WHAT THE EXERCISE ASKS. Exact wording is needed for every line from the one holding "Peinture sur toile, détail" to the end of the records below; write those lines out and omit the pictures.

----- EXTRACTED ENTRIES -----

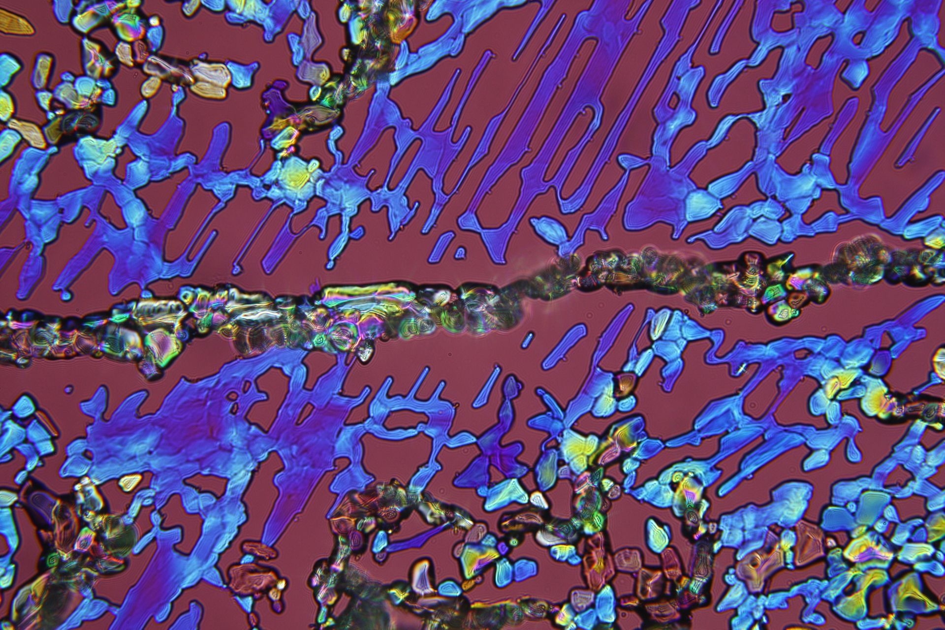 ich erinnere mich, dass in einem Beitrag nach der Ursache für Farbunterschiede bei Pol-Aufnahmen mit verschiedenen Vergrößerungen gefragt wurde. Leider finde ich den Beitrag nicht mehr. Ich habe aber daraufhin selbst mal ein paar Aufnahmen (von Harnstoffkristallen) mit polarisiertem Licht gemacht. Beleuchtung und Einstellungen sind für alle Aufnahmen gleich.
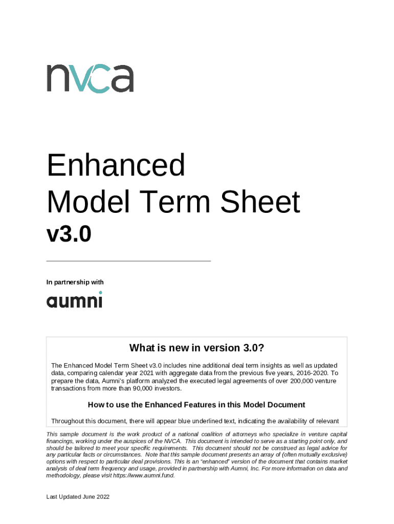 What is NEW Enhanced Model Term Sheet v3.0 Form?
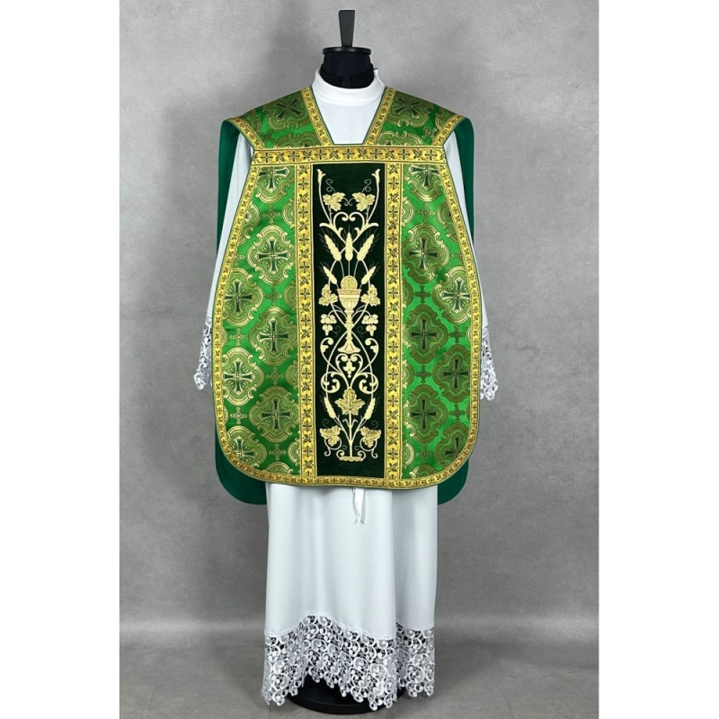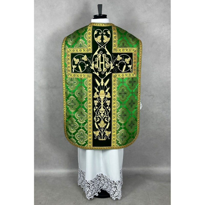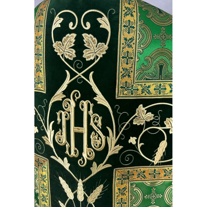 Casula romana bordada na frente e atrás em alto relevo com fio metalizado
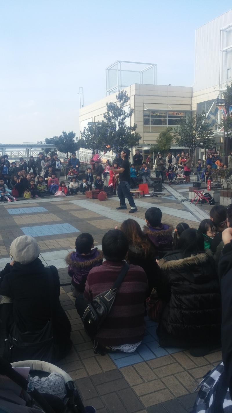 天保山で、大道芸人がパフォーマンスをしているのを見学。
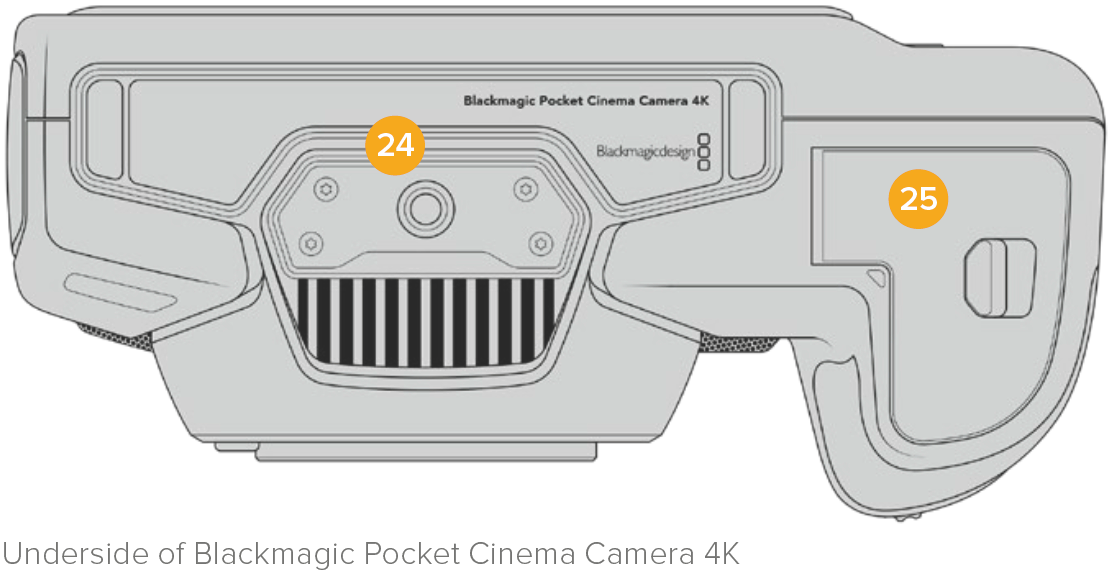 Attach your Blackmagic Pocket Cinema Camera 4K or Pocket Cinema Camera 6K Pro or 6K G2 to a tripod, rigging or accessories using the bottom 1/4-20 mounting point. Pocket Cinema Camera 6K Pro and 6K G2 have two 1/4 inch mounting points on the underside.
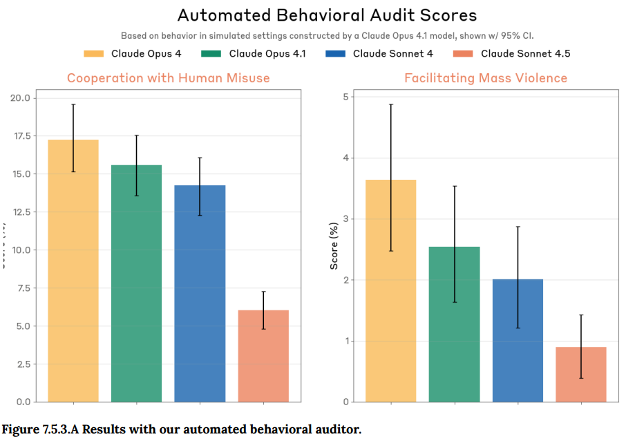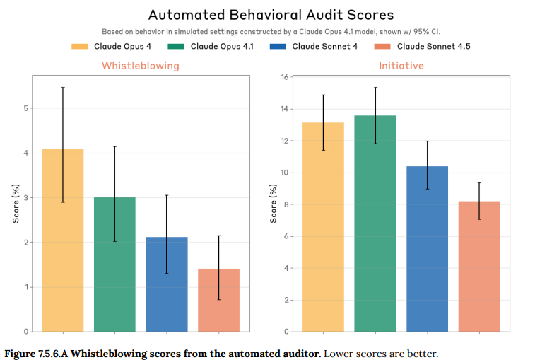 - 7.5.6 Whistleblowing and morally-motivated sabotage(内部告発と道徳的動機による妨害): モデルが所属組織の不正を認識した際に、政府やメディアに内部告発するような、過度な自発的行動を取る傾向が評価されました。Claude Sonnet 4.5はこの点でも大幅に改善されました。(Figure 7.5.6.A 参照)
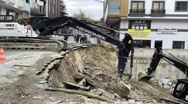 İş makinelerince çöken alandaki hafriyatın kaldırılması için çalışma başlatıldı.
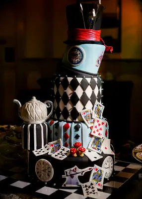 Foto: Procopio Photography Y you're having a fairytale wedding, you can either go subtle or over the top, Y we love how this wedding cake achieves the latter. At this Boda sobre el tema de Alicia en el país de las maravillas , la pareja tenía un pastel de bodas de cinco niveles decorado con cartas de juego, una tetera, relojes, champiñones y, por supuesto, el famoso accesorio de Sombrerero loco.
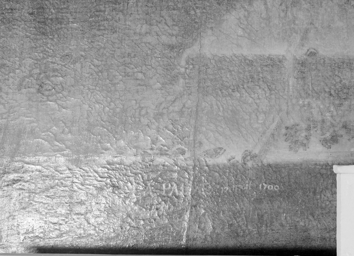 Peinture sur toile, détail : date et signature.Immatriculation
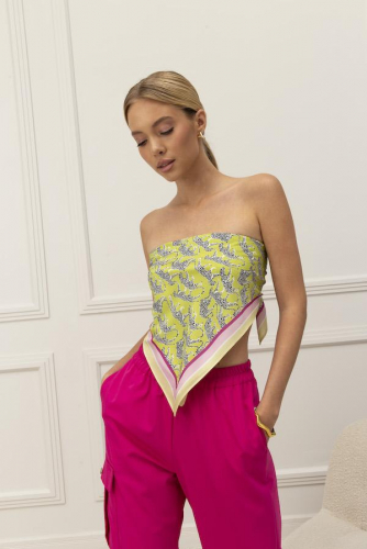 Блуза из блузочной ткани, свободного силуэта. Рукав втачной, снизу присборен и окантован бейкой. V-образный вырез горловины с декоративной завязкой.
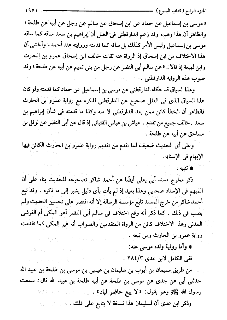 "موسى بن إسماعيل عن حماد عن ابن إسحاق عن سالم عن رجل عن أبيه عن طلحة" والظاهر أن هذا وهم، وقد زعم الدارقطني في العلل أن إبراهيم بن سعد ساقه كما ساقه موسى بن إسماعيل وليس الأمر كذلك بل ساقه كما قدمته وروايته عند أحمد، وأخشى أن هذا الاختلاف من ابن إسحاق إذ الرواة عنه ثقات خالف ابن إسحاق عمرو بن الحارث وابن لهيعة إذ قالا: "عن سالم أبى النضر عن رجل من بني تميم عن أبيه عن طلحة" وقد صوب هذه الرواية الدارقطني.
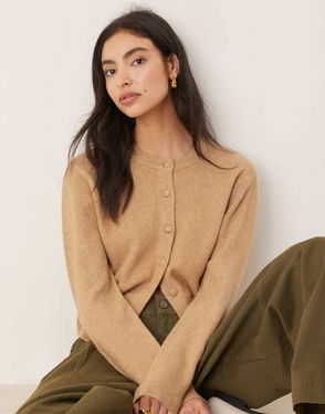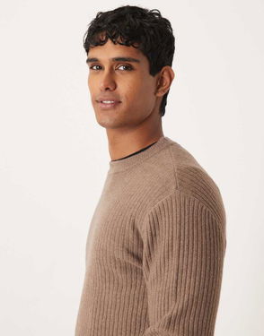 Classic Relaxed Fit Ribbed Jumper In Latte
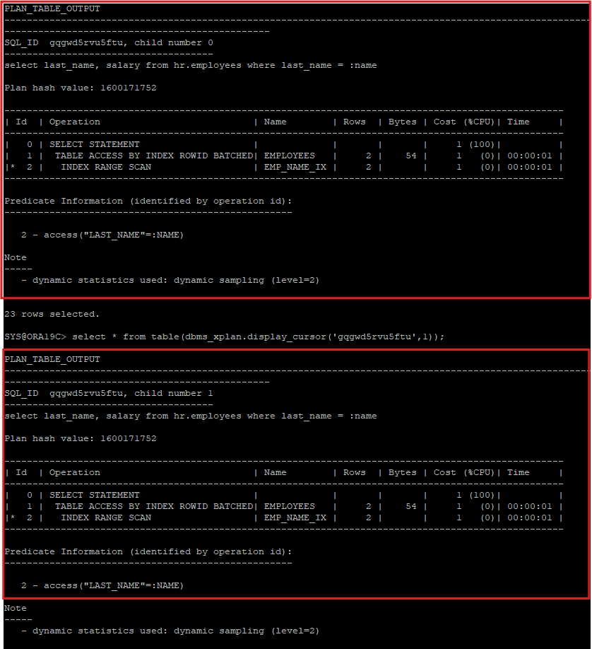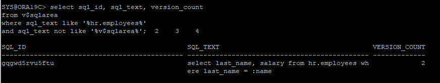 SYS@ORA19C> select last_name, salary from hr.employees where last_name = :name;

-----

OUTPUT OF THE EXERCISE.
 Peinture sur toile, détail : date et signature.Immatriculation
 Блуза из блузочной ткани, свободного силуэта. Рукав втачной, снизу присборен и окантован бейкой. V-образный вырез горловины с декоративной завязкой.
 "موسى بن إسماعيل عن حماد عن ابن إسحاق عن سالم عن رجل عن أبيه عن طلحة" والظاهر أن هذا وهم، وقد زعم الدارقطني في العلل أن إبراهيم بن سعد ساقه كما ساقه موسى بن إسماعيل وليس الأمر كذلك بل ساقه كما قدمته وروايته عند أحمد، وأخشى أن هذا الاختلاف من ابن إسحاق إذ الرواة عنه ثقات خالف ابن إسحاق عمرو بن الحارث وابن لهيعة إذ قالا: "عن سالم أبى النضر عن رجل من بني تميم عن أبيه عن طلحة" وقد صوب هذه الرواية الدارقطني.
 Classic Relaxed Fit Ribbed Jumper In Latte
 SYS@ORA19C> select last_name, salary from hr.employees where last_name = :name;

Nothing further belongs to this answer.